BTW: Why do you need 'that specific function'? Maybe there is a better solution to your problem.

So say I got a tcp packet how to decide if it will have url or not

within your own Wireshark dissector or in general?

(12 Aug '13, 06:17) Kurt Knochner ♦

I have capture packets using another tool. So I want to read the url in those packets where I have the whole payload. So what is your best suggestion? I know there available solution so no point to re invent the wheel. I have seen the basic_request_dissector() but I am not too sure with the parameters passed into it.

(12 Aug '13, 08:22) newbie14

I have capture packets using another tool.

Do you have those packets in a pcap file or are you interested in a fly-by analysis?

If it is a pcap file, you can still run tshark and print the payload of the packets, then use some perl/python scripts to search for URLs in the output with regular expressions.

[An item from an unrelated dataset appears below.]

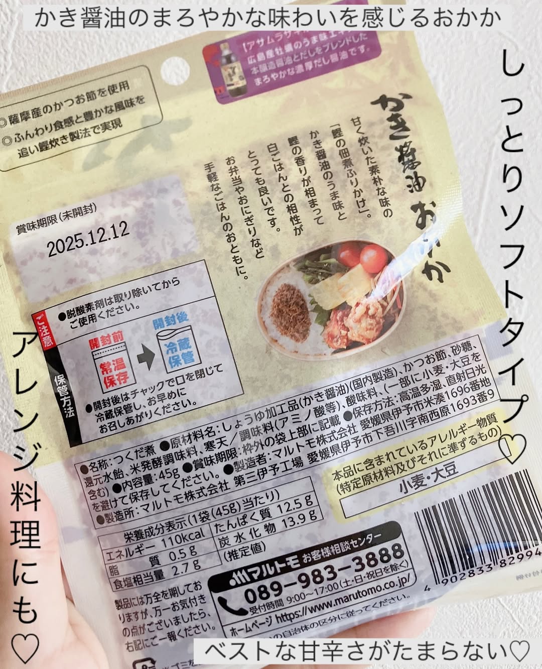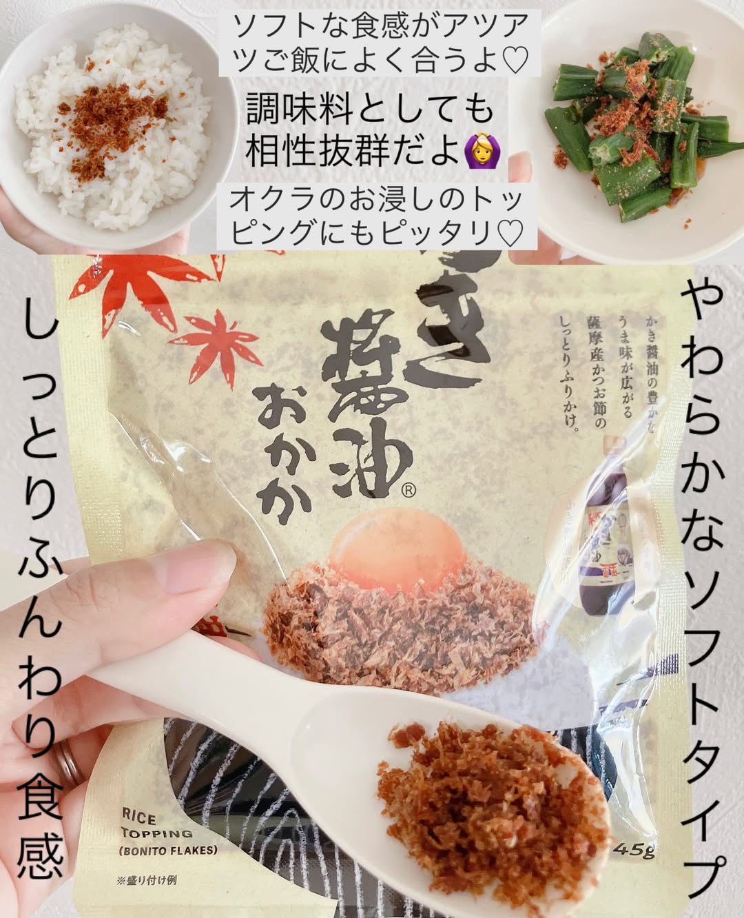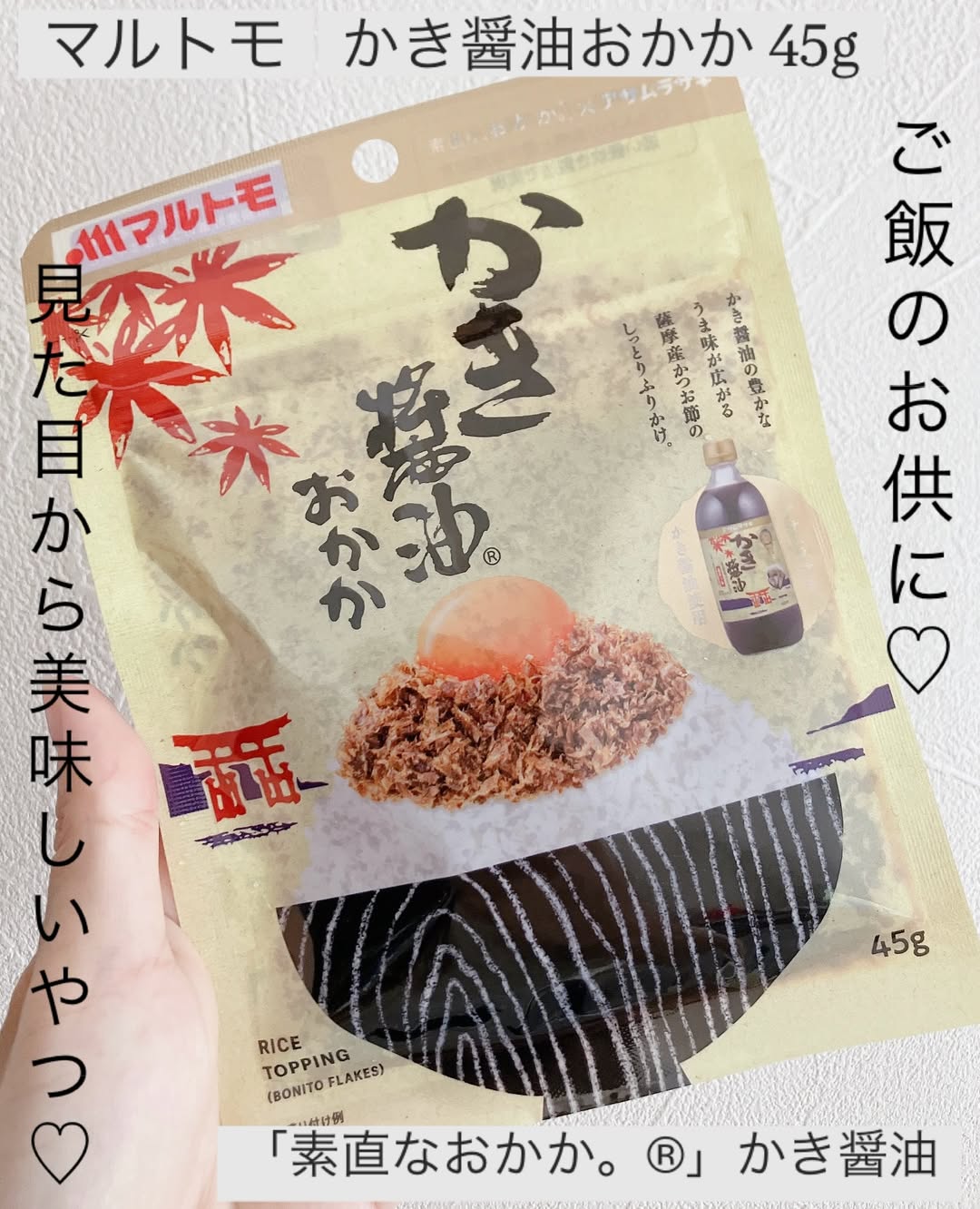 ♡いいね👍フォローお願いします♡ マルトモ かき醤油おかか 45g 「素直なおかか。®︎」かき醤油 @prebushi_marutomo 様から商品をご提供 いただきました♡ありがとうございます🙇♀️💕 ご飯のお供にピッタリ♡ 見た目からして美味しいのわかるよね! 「アサムラサキかき醤油」入りで、かき醤油の まろやかな味わいとしっとりソフトタイプの かつお節のふんわり食感がたまらないよ♡ アツアツご飯によくなじんで相性抜群だよ! ご飯だけでなく、いろいろな食材と合わせて 調味料としても使用できて、私はオクラの浸 しのトッピングとしてかけてみたらよく合っ てとてもまろやかな味わいを感じられたよ♡ アレンジ料理にも色々と使用できるの良い! 薩摩産のかつお節とかき醤油などこだわりの 原材料を使用していて、「追い鰹炊き製法」に より、かつお節のふんわり食感とやわらかで マイルドな味わいがたまらないよ♡ アツアツご飯に相性抜群でお箸🥢がとまら ないよ〜🍚☺️💕 ぜひお試しを〜💁♀️♡ #PR #マルトモ株式会社 #マルトモ #マルトモの食品ロス削減 #monipla #marutomo_fan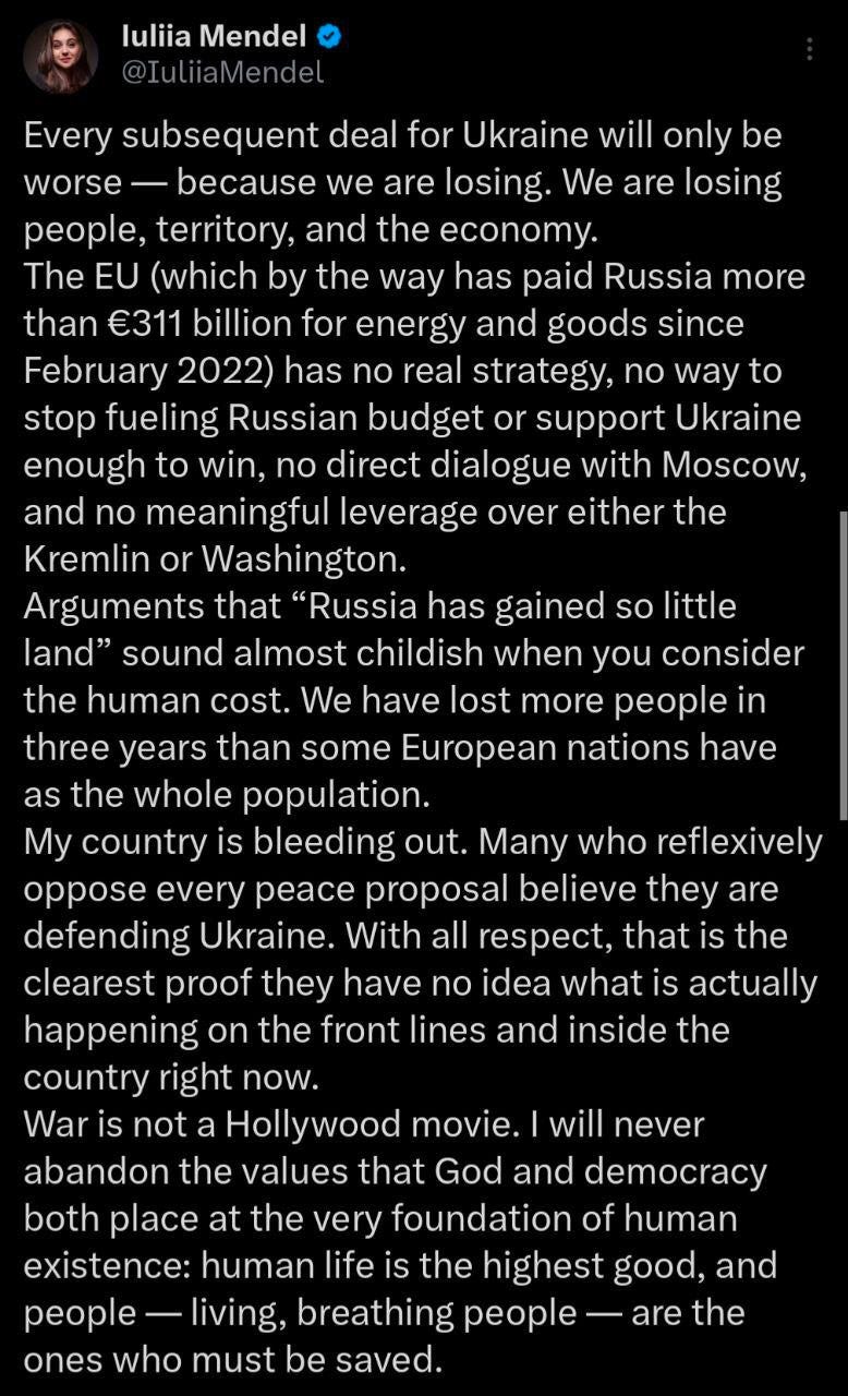 The situation on the front, as always, continues to get worse for Ukraine. A series of posts from Ukrainian officials and military figures highlights this. First, from former press secretary to Zelensky, Julia Mendel, is a must-read:

(12 Aug '13, 14:21) Kurt Knochner ♦

@I am capturing the packets via pf_ring. So its all in hex format. So in my case I am interested for fly-by analysis and later store into database. The issue I can get all the ip layer details but the tool does not do further then. So I need to dissect further layers by myself based on the layer types. Any idea? Everything I prefer to be in C as the capture engine is all in C too.

(12 Aug '13, 19:34) newbie14

So say I got a tcp packet how to decide if it will have url or not ?

You first decide whether it's traffic for a protocol such as HTTP that has URLs; if not, it doesn't have a URL. Wireshark decides whether traffic is HTTP based on the TCP port it's going to or from; ports such as 80 and 8080 are assumed to be HTTP.

Then you have to parse the HTTP data to see whether it contains an HTTP request or response and, if it does, extract the request URL from requests and other URLs from responses (e.g., a 301 Moved Permanently response has the URL to which the item has moved).

(12 Aug '13, 20:08) Guy Harris ♦♦

@GuyHarris ok I have capture the source and destination port. So say now I have either way is 80 then I move to next level. With this port I know it will be http traffic right. So now I need help is on parsing the payloaad to capture the url. Thank you for your insights.

(12 Aug '13, 20:56) newbie14

see the UPDATE in my answer

(13 Aug '13, 04:26) Kurt Knochner ♦

@Kurt thank you for the link let me go through them. I think the second links looks good.

(13 Aug '13, 10:58) newbie14

showing 5 of 9 show 4 more comments

hi Newbie,

Open the wireshark app on your laptop, make sure you have your laptop/pc connected to internet. Then from Wireshark turn on packet capture on the interface card. Open browser and type a url and browse. Stop the packet capture. Open the pcap file and in the search filter type "http", you should be able to see packets on HTTP protocol.

answered 12 Aug '13, 21:08

pundalik
11●1
accept rate: 0%

@the problem I am not going to use wireshark for the capture I am using another tool called pf_ring. So I have capture most data except from the payload I need the url.

(12 Aug '13, 21:10) newbie14

So you have your own application running on top of a modified libpcap using pfring? If so you will have to reinvent part of wireshark/tcpdump to parse what you need of all the protocol layers upto and including http, not realy a wireshark question.

(12 Aug '13, 21:49) Anders ♦

@yes I am using pfring to capture the packets. I can determine the ports no issue with that just that I need the url parser now which I think is available in wireshark and no point me reinventing the wheel?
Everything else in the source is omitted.